> **Dataset content**
>>

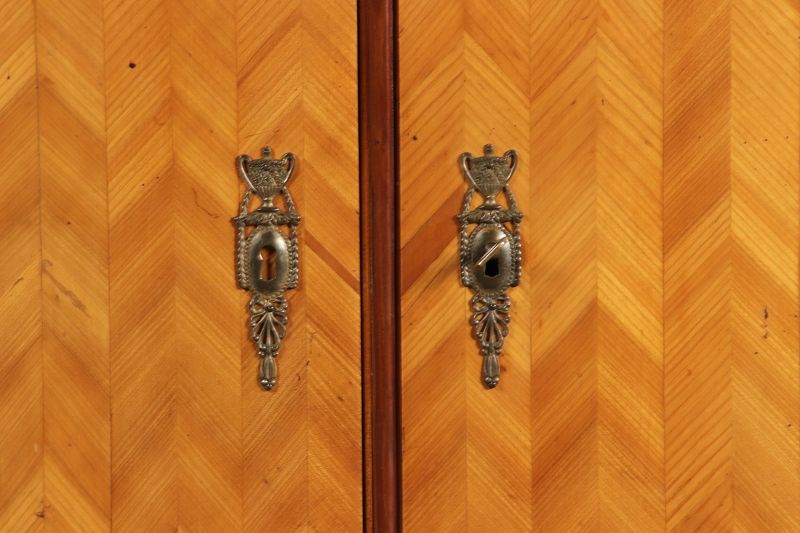 Antiker Barock Halb Schrank Anrichte Kirschbaum furniert im Fischgräten Muster um 1780 |
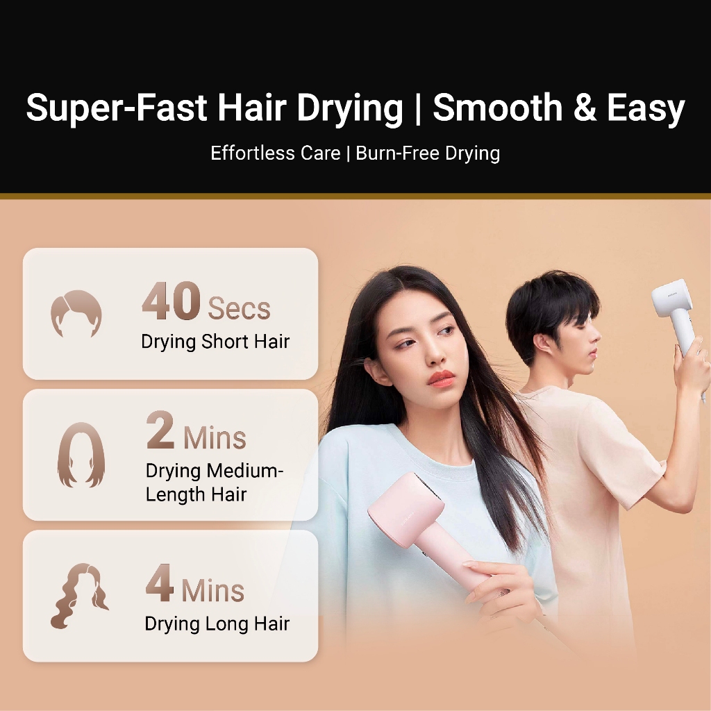 【2 Years Warranty】 Dreame Hair Gleam Hair Dryer | High Speed 2 Mins Fast Drying | 330g Lightweight
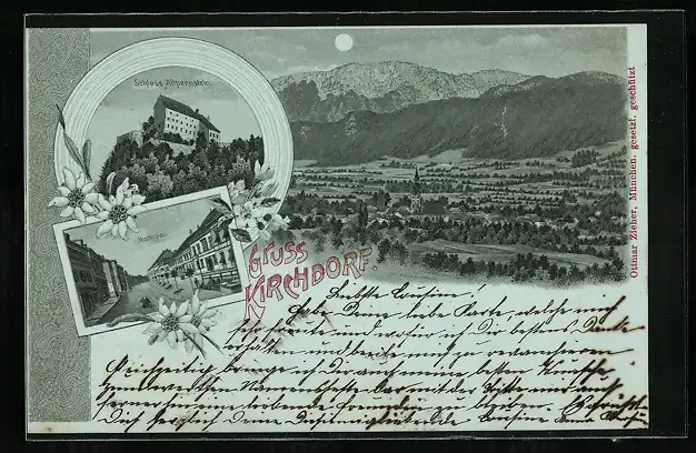 Mondschein-Lithographie Kirchdorf /O.Ö., Schloss Altpernstein, Marktplatz, Ortsansicht

<<

> **Task requirements**
For this exercise, give the listing again exactly as written, with the pictures omitted.

> **Answer section**
 Antiker Barock Halb Schrank Anrichte Kirschbaum furniert im Fischgräten Muster um 1780 |
 【2 Years Warranty】 Dreame Hair Gleam Hair Dryer | High Speed 2 Mins Fast Drying | 330g Lightweight
 Mondschein-Lithographie Kirchdorf /O.Ö., Schloss Altpernstein, Marktplatz, Ortsansicht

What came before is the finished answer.